Mas, um dos textos é central para o que discutimos aqui. Trata-se do Evangelho de Filipe, segundo qual Maria Madalena faria parte do seleto grupo de discípulos de Jesus. Mais ainda, seria a “companheira” (koinonos) de Jesus, o que provocava a irritação de outros apóstolos, notadamente Pedro. Há uma parte onde se lê que Jesus a teria beijo (…). Infelizmente, as formigas comeram o trecho que dizia exatamente onde Jesus beijou Madalena.
Historiadores supõe que os pergaminhos devem ter sido enterrados por algum padre do monastério de São Pacômio (que ficava ali perto), assustado com o fato dessas leituras terem se tornado proibidas após o Concílio de Nicéia.
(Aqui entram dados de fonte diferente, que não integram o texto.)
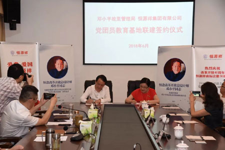 6月5日,“爱党 爱国爱恒源祥”2018恒源祥联合体党工团联建系列活动第六站来到四川广安邓小平纪念馆。陈总一行人向纪念广场中的邓小平铜像进献花篮,并认真参观了邓小平纪念馆和故居。邓小平故里管理局钱奇局长,杨顺高副局长,故居陈列馆彭备军馆长等领导热情接待,并与恒源祥代表进行亲切会谈。顾书记代表集团党委同纪念馆签订了党团员教育基地的共建协议。
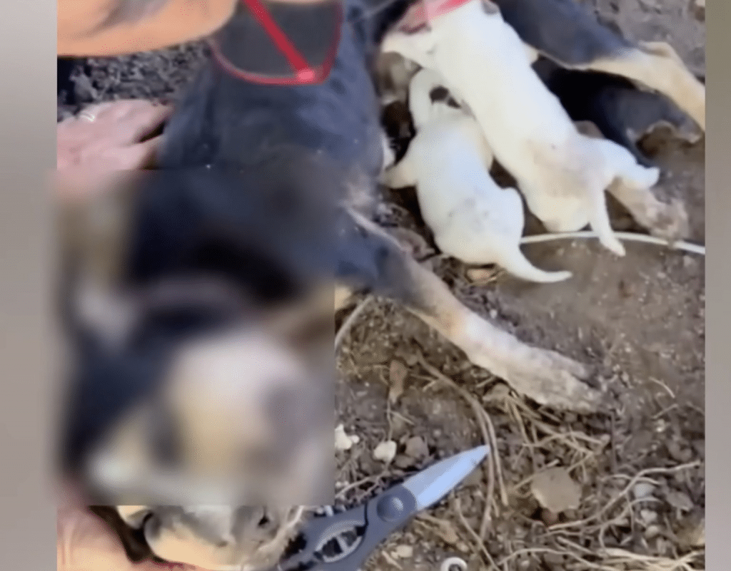 The marks on her neck showed that she had likely been confined for quite some time. Harsh weather had passed over her—cold nights, hot days—yet she had remained by her puppies’ side, doing everything she could to keep them safe. Her strength wasn’t loud or dramatic; it was quiet, steady, and full of love.

Evangelho de Maria Madalena
Em 1896, na cidade do Cairo, foi encontrado um conjunto de textos antigos, escritos em copta. Entre esses textos consta O Evangelho de Maria Madalena. De acordo com esse evangelho, Madalena não seria apenas mais um dos discípulos de Jesus. Ela seria a principal discípula de Jesus, a quem foram confiados ensinamentos esotéricos. O texto vai além e menciona uma forte rivalidade entre Madalena e Pedro. Sob certo sentido, podemos interpretar essa rivalidade como expressão daquela que opunha gnósticos à católicos.
O que esses textos sugerem teria a capacidade de mudar completamente a forma como o cristianismo veio a ter entre nós. Madalena expressa uma versão iniciática e esotérica do cristianismo, bem diferente da ortodoxia que acabou triunfando com o apoio do Império Romano. Mas, expressa também um papel totalmente diferente da mulher dentro da hierarquia. Com Madalena ocupando essa posição central na comunidade de discípulos, como impedir que mulheres fossem ordenadas sacerdotisas e viessem a ser bispas e, quem sabe, papisas?
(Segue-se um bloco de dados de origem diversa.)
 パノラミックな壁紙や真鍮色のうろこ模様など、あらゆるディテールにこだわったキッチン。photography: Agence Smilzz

Aos poucos, então, toda a máquina de propaganda da Igreja começou a construir o mito (especialmente iconográfico) de Madalena, a prostituta arrependida. De fato, não se trata aqui de discutir qual teria sido a verdade histórica. Mas, de contrapor duas versões. Uma delas está baseada em evangelhos apócrifos. A outra, contudo, não tem referências nem mesmo na Bíblia que se tornou oficial. Esta última favoreceu o surgimento de uma Igreja controlada por homens e fortemente apoiada no Império Romano. Para que essa triunfasse a outra teria que desaparecer.
Seria forte demais afirmar que o lugar da mulher no mundo de hoje deriva apenas do triunfo de uma versão sobre a outra. Mas, não custa imaginar que papel poderia ter sido reservado às mulheres se elas pudessem ter ocupado os cargos centrais da hierarquia cristã e se, particularmente, uma delas fosse vista como a herdeira direta dos ensinamentos de Jesus.